Ensure that the products are manufactured in compliance with the regulations and in a GMP manner by reviewing batch records and performing appropriate investigations.

Provide Quality Assurance support to resolving raw material, in-process material, bulk and final product, environmental, and system issues.

Assist in writing and revising site SOPs or other procedures as required.

Coordinate, document, and maintain the company's Quality Systems conformance to regulatory requirements and company policies where appropriate through effective utilization of the company’s Quality Systems and tools, as well as direct actions.

Troubleshoot and direct the resolution of Quality issues by encouraging effective interdepartmental and cross-functional partnerships.

Support Site Training in the development, delivery, and maintenance of Quality training programs (e.g., CAPA process, GMP, etc.).

Participate in audits and inspections performed by clients and regulatory agencies.

Assist in the implementation and/or administration of corporate Quality System tools such as TrackWise, Documentum, EDMS, etc.

Provide input to the development of personal performance goals and departmental objectives; collaborate with Management to establish and meet targets and timelines.

Participate in the design and implementation of department and cross-functional initiatives.

Maintain a state of inspection readiness.

Perform other assignments, as required.

To competently perform this job, a candidate will need the education and experience generally acquired with a BS degree in Chemistry, Biology, or a related scientific subject area; will consider an Associate's Degree (AA/AS) with two to four years of meaningful experience.
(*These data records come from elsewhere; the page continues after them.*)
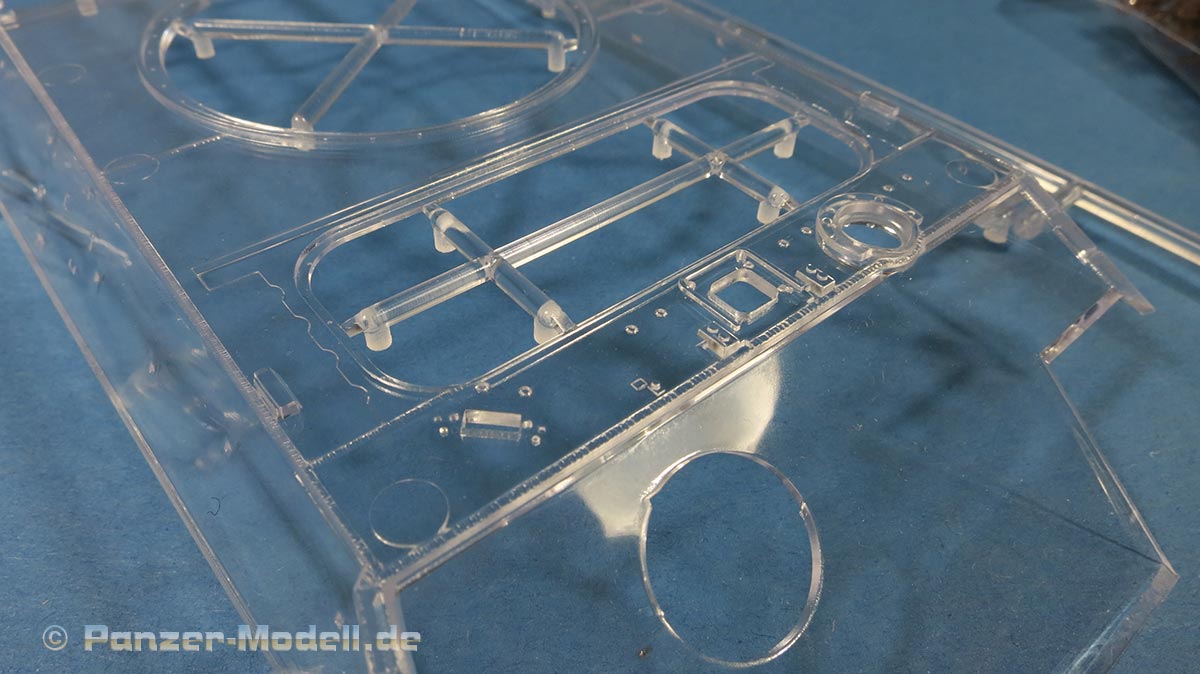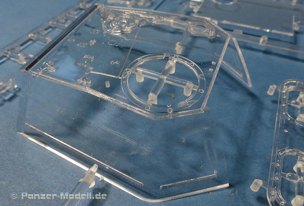 Im Aussenbereich bietet der Bausatz ebenfalls alles, was das Modellbauerherz begehrt. Was diesen Bausatz (in der ersten Edition) besonders zum Hinkucker macht, sind die Klaren Bauteile für Turm und Oberwanne - dabei handelt es sich um perfektes, glasklaren Plastik, das ohne Verzerrungen den Blick in den detaillierten Innenraum erlaubt!
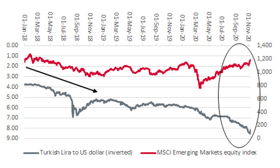 It may seem churlish to worry, given the enthusiastic response the markets are giving to news of the Phase III COVID-19 vaccine trial by Pfizer (PFE:NYSE) and BioNTech, but advisers and clients may need to keep an eye on Turkey once more.
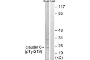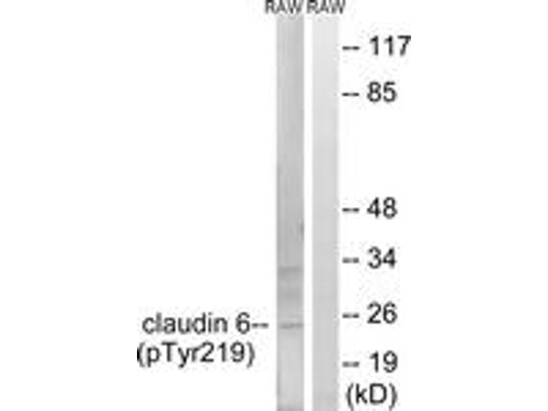 - The antiserum was produced against synthesized peptide derived from human Claudin 6 around the phosphorylation site of Tyr219.
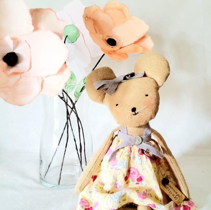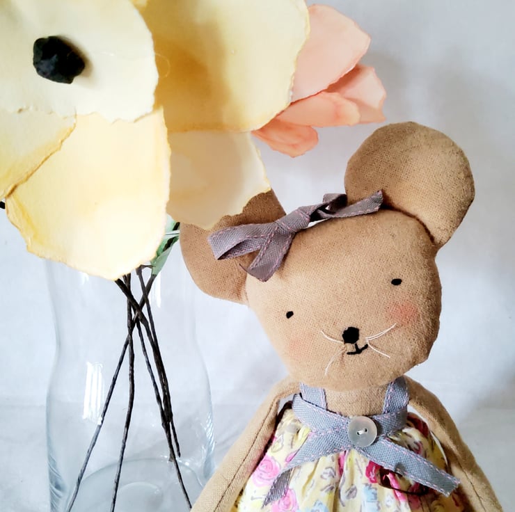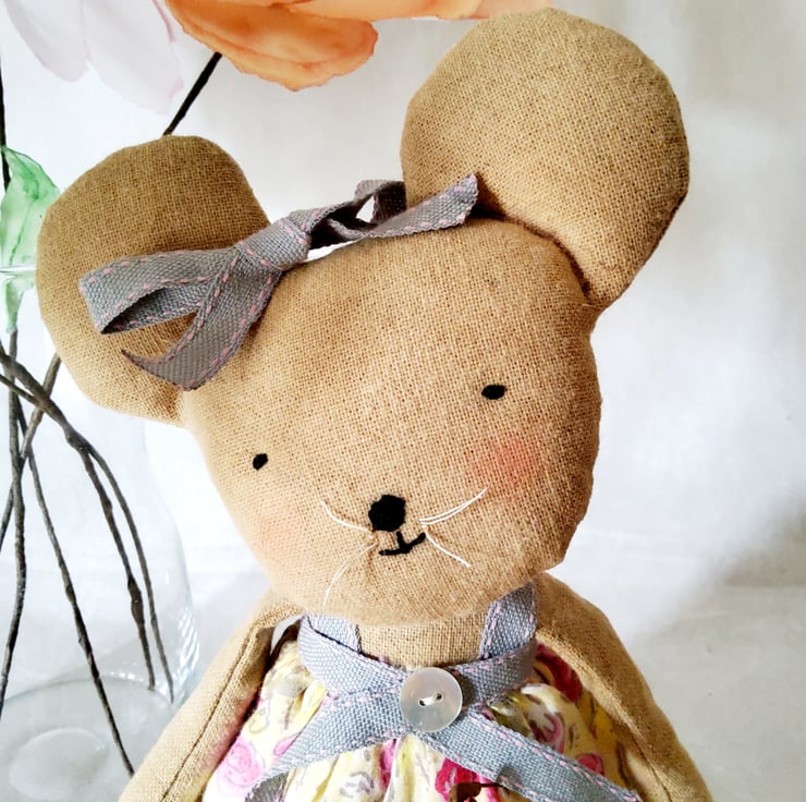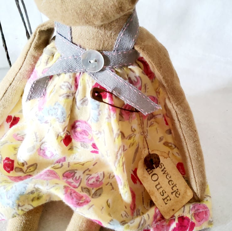 Sweetie Mouse is made from coffee and cinnamon dyed Osnaburg fabric, with embroidered features and vintage linen thread whiskers. She is wearing a little cotton dress trimmed with ribbon and a mother of pearl button. She has a little hand printed tag with her name on it,finished with a rusty bell and attached with a rusty safety pin.
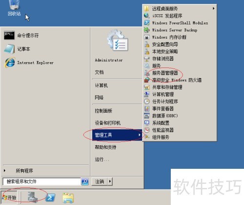 3、 点击开始菜单,进入管理工具中的服务器管理器。
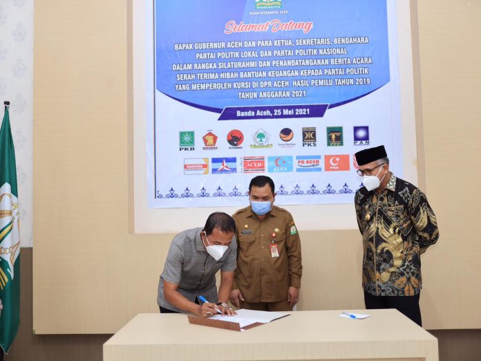 Penandatanganan berita serah terima itu dilakukan bersama oleh semua parpol dan disaksikan langsung oleh Gubernur Aceh Nova Iriansyah, di Aula Kesbangpol Aceh, Selasa (25/05/2021).
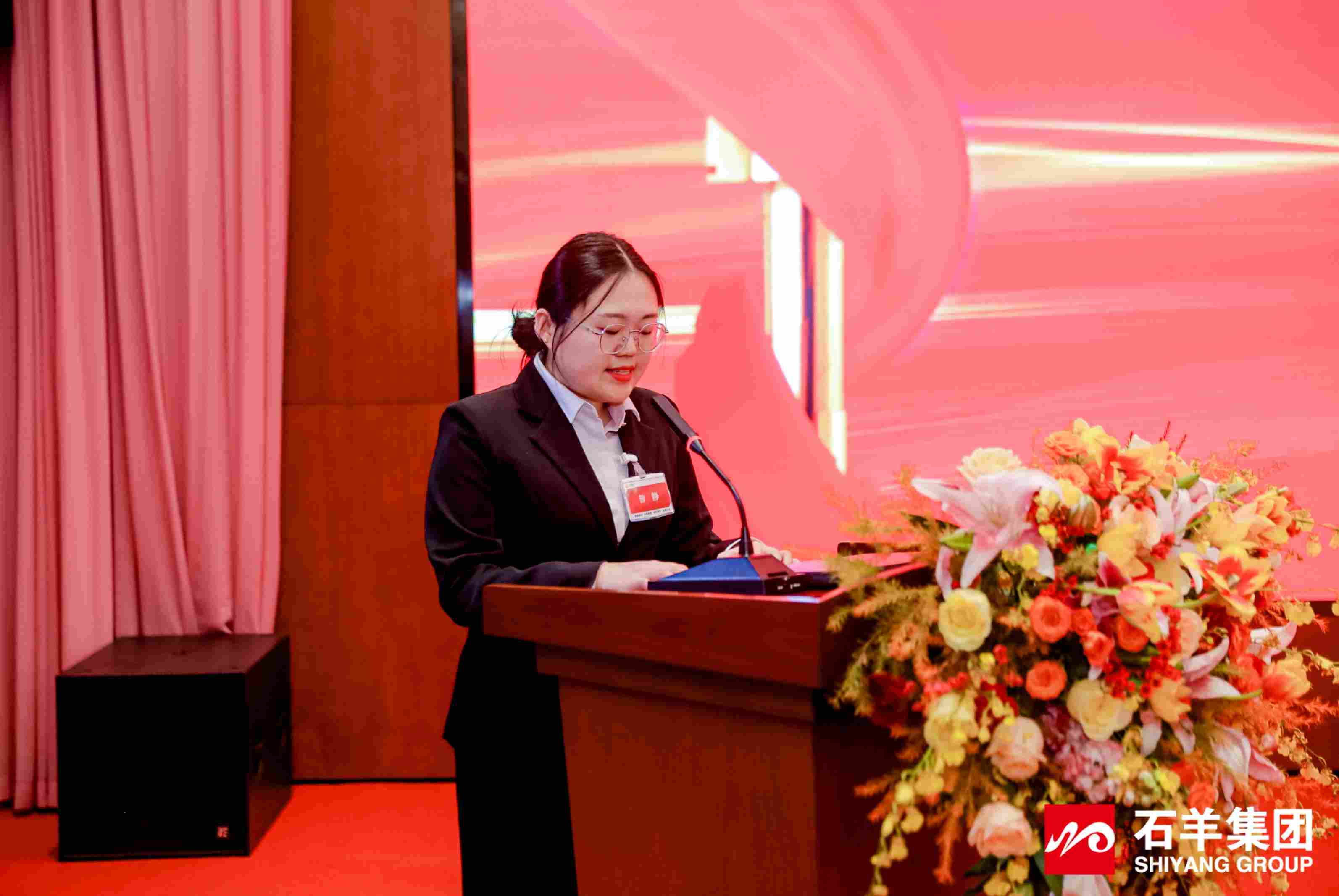 伴隨著雄壯嘹亮的國歌聲,大會正式拉開序幕。集團副總裁劉恒主持并帶領全體參會人員重溫2025年發展中的重要事件。一幕幕奮進場景的回溯,讓每一位石羊人對過去一年的并肩拼搏有了更深刻的共鳴,也為新一年的前行積蓄了精神力量。
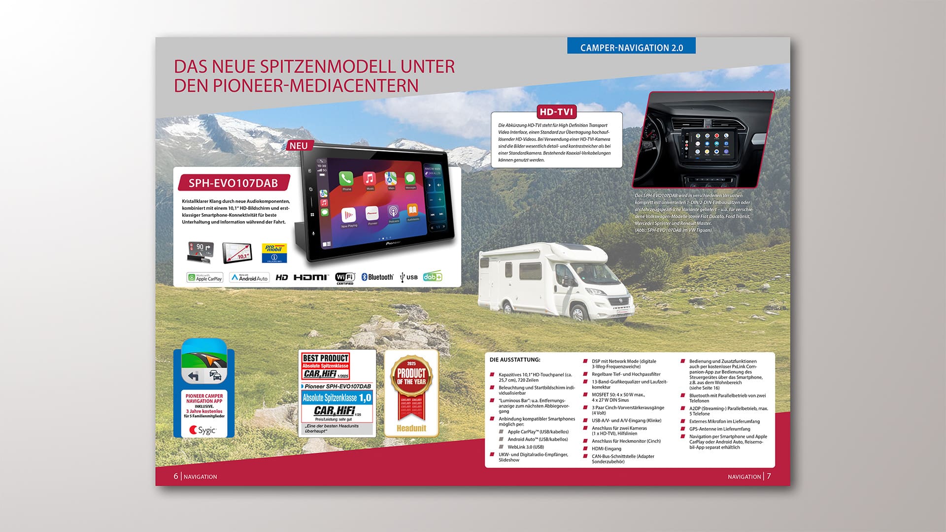 Bisher entstanden die Kataloge zum Thema Reisemobil-Navigation und -Zubehör größtenteils auf Basis von Gestaltungsvorlagen der Europa-Zentrale in Belgien. Im Lauf der Jahre habe ich das Grundlayout immer stärker verändert und 2025 sehr weitreichend renoviert.
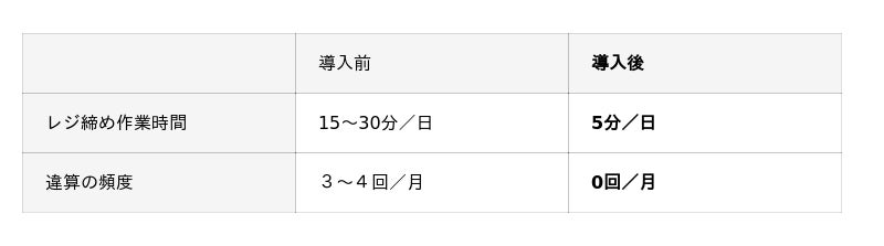 本導入により、スタッフのレジ締め時間は従来の3分の1に短縮され、違算は0件となるなど、会計業務の大幅な効率化を実現しています。
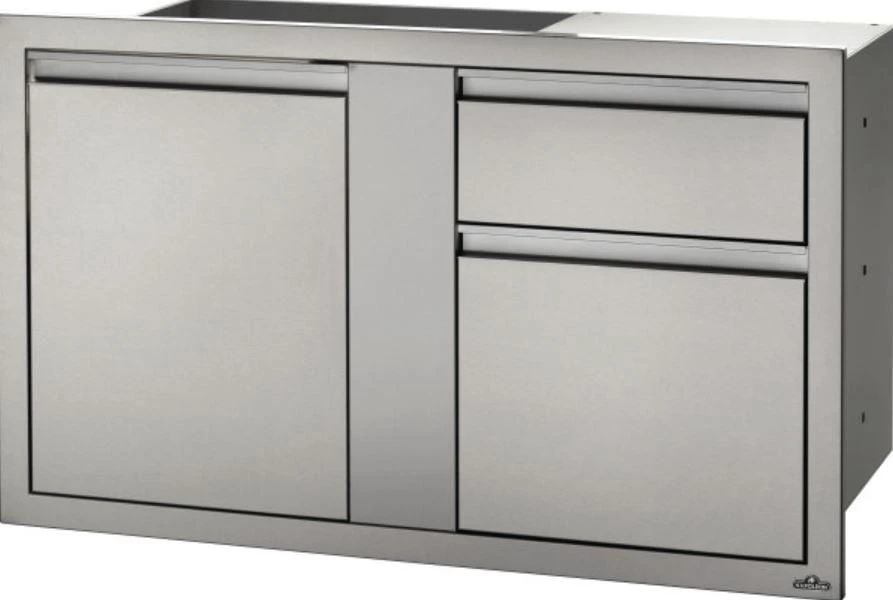 Creating your own custom grill island has never been easier with Napoleon’s Built-In Components. Every great outdoor kitchen needs storage; this 42″ x 24″ built-in component has everything you need for storage. Featuring a waste and recycling bin pull out, that can double as storage as well as a paper towel drawer, and a single large door for storage. The stainless steel construction, soft closing hardware, seamless trim, and anodized aluminum handles provide durability and endless installation possibilities.
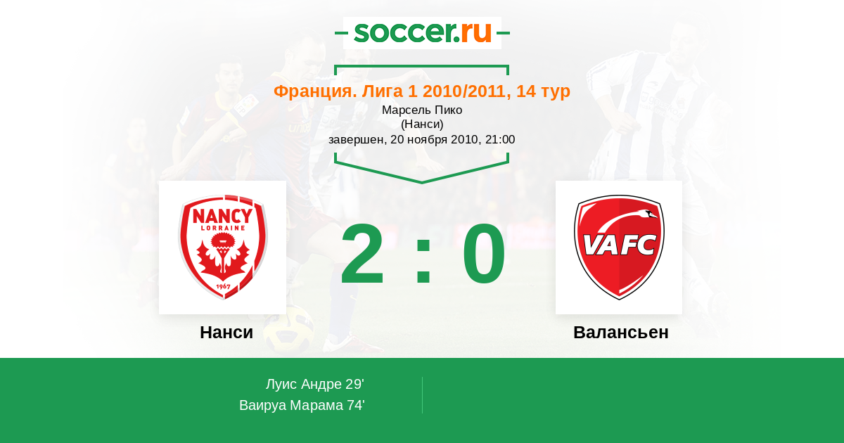 Протокол матча Нанси против Валансьен
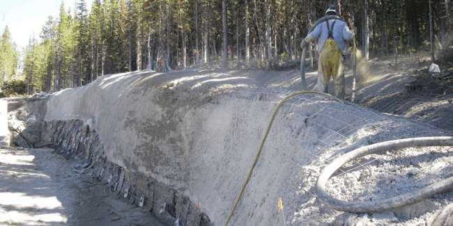 A slope is common when terrain is changed to accommodate new roads and other construction-type projects like dams or railway lines. Sometimes the slopes are able to self-support, while other times some type of structural support is absolutely necessary to prevent the slope from collapse. Shotcrete is a terrific product to both retain the slope…
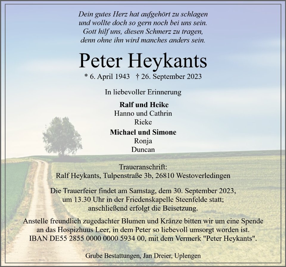 geboren am 6. April 1943 in Großoldendorf, jetzt Uplengen
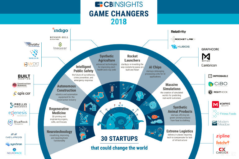 近日,CB insights发布了一份报告《Game Changing Startups 2018》,梳理了2018年可能在10个领域改变原有“游戏规则”的30家创业公司。
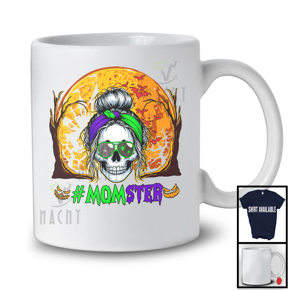 Momster; Creepy Halloween Costume Moon Skull Mom Messy Hair Bun; Monster Family Group T-Shirt
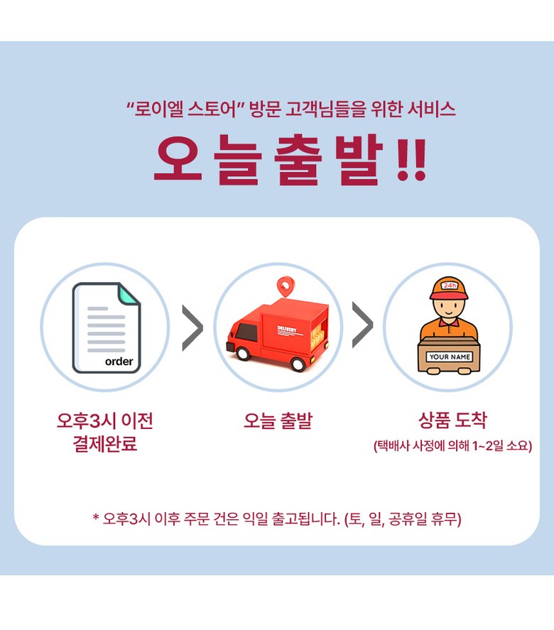 | 배송기간 | ㆍ도서산간 지역 등은 배송에 3-5일이 더 소요될 수 있습니다. - 천재지변, 물량 수급 변동 등 예외적인 사유 발생 시, 다소 지연될 수 있는 점 양해 부탁드립니다. | ||
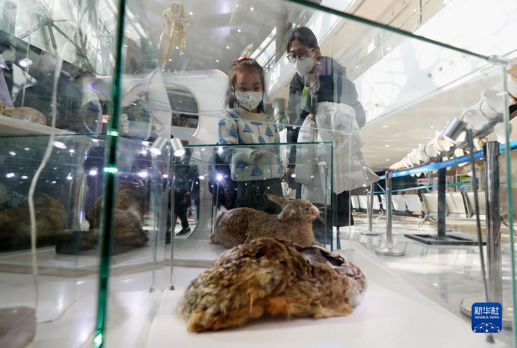 1月18日,參觀(guān)者在一組兔類(lèi)標本展品旁駐足觀(guān)看。
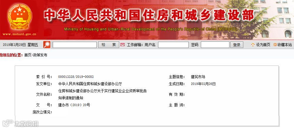 刚刚,住建部办公厅发布《关于实行建筑业企业资质审批告知承诺制的通知》,明确自2019年4月1日起,在全国范围对建筑工程、市政公用工程施工总承包一级资质审批实行告知承诺制。
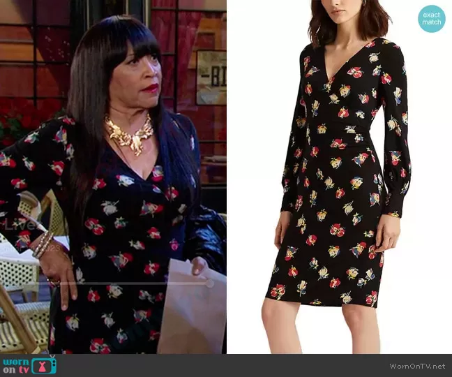 Paulina Price (played by Jackée Harry) on Days of our Lives on Peacock was spotted wearing this black floral wrap dress and necklace on Days of our Lives on Nov 14 2023's episode. Paulina's Dress is the Floral Surplice Jersey Dress by Lauren Ralph Lauren . Paulina's Necklace is the Sparkly Flower Necklace by Zara.
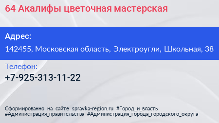 64 Акалифы, цветочная мастерская по адресу 142455, Московская область, Электроугли, Школьная, 38 в дальнейшем Организация, размещена в следующих категориях:
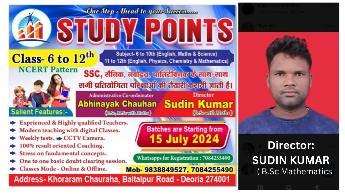 26 जुलाई, 2024 खोराराम चौराहा, देवरिया – शैक्षिक उत्कृष्टता में एक प्रमुख नाम, स्टडी पॉइंट ट्यूटोरियल ने कक्षा 6 से 12 तक के छात्रों के लिए अपने नए डिजिटल शिक्षण समाधान और परीक्षा तैयारी कार्यक्रम शुरू करने की घोषणा की है। इन नवीन पेशकशों में मुख्य विषय ट्यूटोरियल और शामिल हैं प्रतियोगी परीक्षाओं के लिए विशेष कोचिंग, सभी अत्याधुनिक डिजिटल बोर्ड प्रौद्योगिकी द्वारा उन्नत।
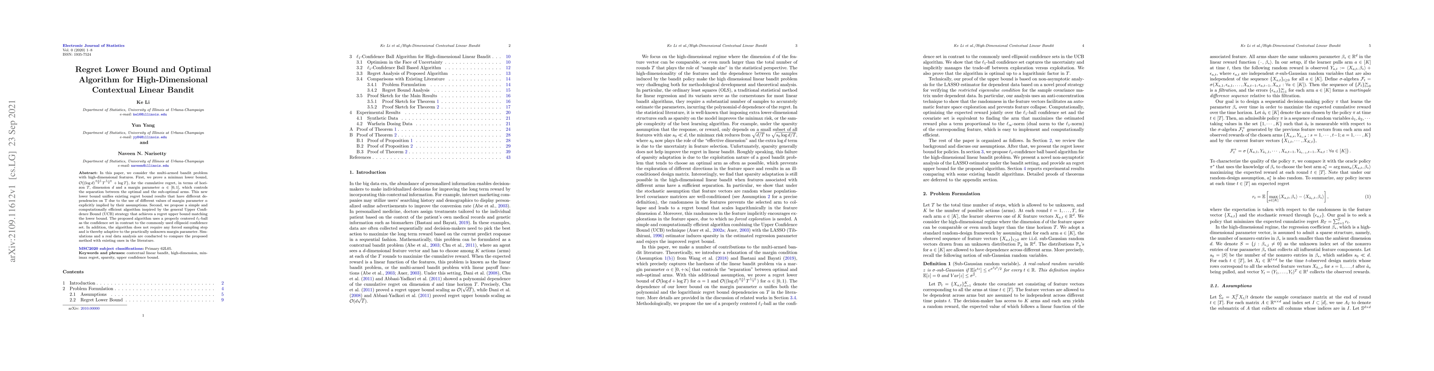 In this paper, we consider the multi-armed bandit problem with high-dimensional features. First, we prove a minimax lower bound, $\mathcal{O}\big((\log d)^{\frac{\alpha+1}{2}}T^{\frac{1-\alpha}{2}}+\log T\big)$, for the cumulative regret, in terms of horizon $T$, dimension $d$ and a margin parameter $\alpha\in[0,1]$, which controls the separation between the optimal and the sub-optimal arms. This new lower bound unifies existing regret bound results that have different dependencies on T due to the use of different values of margin parameter $\alpha$ explicitly implied by their assumptions. Second, we propose a simple and computationally efficient algorithm inspired by the general Upper Confidence Bound (UCB) strategy that achieves a regret upper bound matching the lower bound. The proposed algorithm uses a properly centered $\ell_1$-ball as the confidence set in contrast to the commonly used ellipsoid confidence set. In addition, the algorithm does not require any forced sampling step and is thereby adaptive to the practically unknown margin parameter. Simulations and a real data analysis are conducted to compare the proposed method with existing ones in the literature.

Previous Pharmaceutical or cGMP experience preferred

The preferred level of proficiency could generally be acquired with a Bachelor in Chemistry, Engineering, or Life Sciences or related with 2-4 years of experience in pharmaceutical or biomanufacturing.

Equivalent combinations of education, training and relevant work experience may be considered.

Thermo Fisher Scientific Inc. (NYSE: TMO) is the world leader in serving science, with annual revenue of approximately $45 billion. Our Mission is to enable our customers to make the world healthier, cleaner and safer. Whether our customers are accelerating life sciences research, solving complex analytical challenges, increasing productivity in their laboratories, improving patient health through diagnostics or the development and manufacture of life-changing therapies, we are here to support them. Our global team of more than 110,000 colleagues delivers an unrivaled combination of innovative technologies, purchasing convenience and pharmaceutical services through our industry-leading brands, including Thermo Scientific, Applied Biosystems, Invitrogen, Fisher Scientific, Unity Lab Services, Patheon and PPD. For more information, please visit www.thermofisher.com.

Thermo Fisher Scientific is an EEO/Affirmative Action Employer and does not discriminate on the basis of race, color, religion, sex, sexual orientation, gender identity, national origin, protected veteran status, disability or any other legally protected status.